The strengthening of the British Pound exerted severe pressure on the US Dollar. In its turn, the weakening of the US Dollar pushed gold prices higher. Still, despite the negative correlation between the US currency and gold, the latter keeps lagging behind other precious metals (including silver and platinum) in terms of profitability.
What is the current tendency in the market of GBPUSD and how to benefit from it? Masterforex-V Academy experts are going to share their tips with us in this article.
GBPUSD Sets Major Economic Trends
Over the last few months, the British Pound has shown considerable growth. Will this tendency continue in the near future? In order to answer this question, it i necessary to evaluate multiple factors to see the overall picture.
1. GDP. The UK GDP growth remained unchanged in Q4 2013. The official forecast is the same as well:

The other day, the IMF published its report, which contained a lot of revised figures for multiple countries. In particular, the expected UK GDP figures were upgraded. The IMF expects the British GDP to gain some 2,9% this year. The figures are up by 0,5%. If to compare these figures with those seen last year, we can clearly see a sound increase.
On top of that, the IMF expects the UK to become the fastest-growing economy among G7 in 2014. Undoubtedly, the economic growth in Great Britain coupled with positive revisions will support the British Pound.
2. Unemployment.
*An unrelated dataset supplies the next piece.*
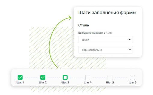 Дизайн режиміне өтіңіз, өрістердің қажетті санын қосыңыз және конфигурациялаңыз. Қадамдық пішінді алу үшін әр қадам үшін бөлек бөлім жасаңыз

The high rate of unemployment we are currently seeing around the globe is clearly one of the key economic problems and deterrents for the global economy in general nd national economies in particular. As for the Uk rate of unemployment, it is still relatively high. Still, the forecasts are positive. They indicate a faster pace at which the rate of unemployment is expected to be declining in the near future. The official unemployment forecast for 2014 is 6,6%, which is below 6,7% and far below 7,2% seen in 2013. The forecast for 2015 remains unchanged at 6,2%.
3. Inflation. Inflation is one of the key indicators, which set trends in monetary policies.
If inflation is high and is set to go higher, it is wise to anticipate tougher monetary policies. In the case with the UK, we can see that despite a growing economy, the rate of inflation is within acceptable levels. Moreover, the latest forecasts predict a slight decline down to 2,0%.
February's inflation figures are 1,7% versus 1,9% in January. These values are within the expected range. The retail sales volume increased by 3,7% y/y and 1,7% m/m:


4. Trade Balance. Trade balance figures are also very important in terms of influencing currency exchange rates. A surplus usually supports the national currency while a deficit presses it. At this point, the UK trade balance figures are fluctuating close to the average. The deficit slightly increased at the expense of lower exports and higher imports. This issue was taken into account by the UK financial authorities, who assume that a much stronger national currency will hinder the reduction of the deficit. Therefore, the authorities are determined to curb the strengthening of the British Pound.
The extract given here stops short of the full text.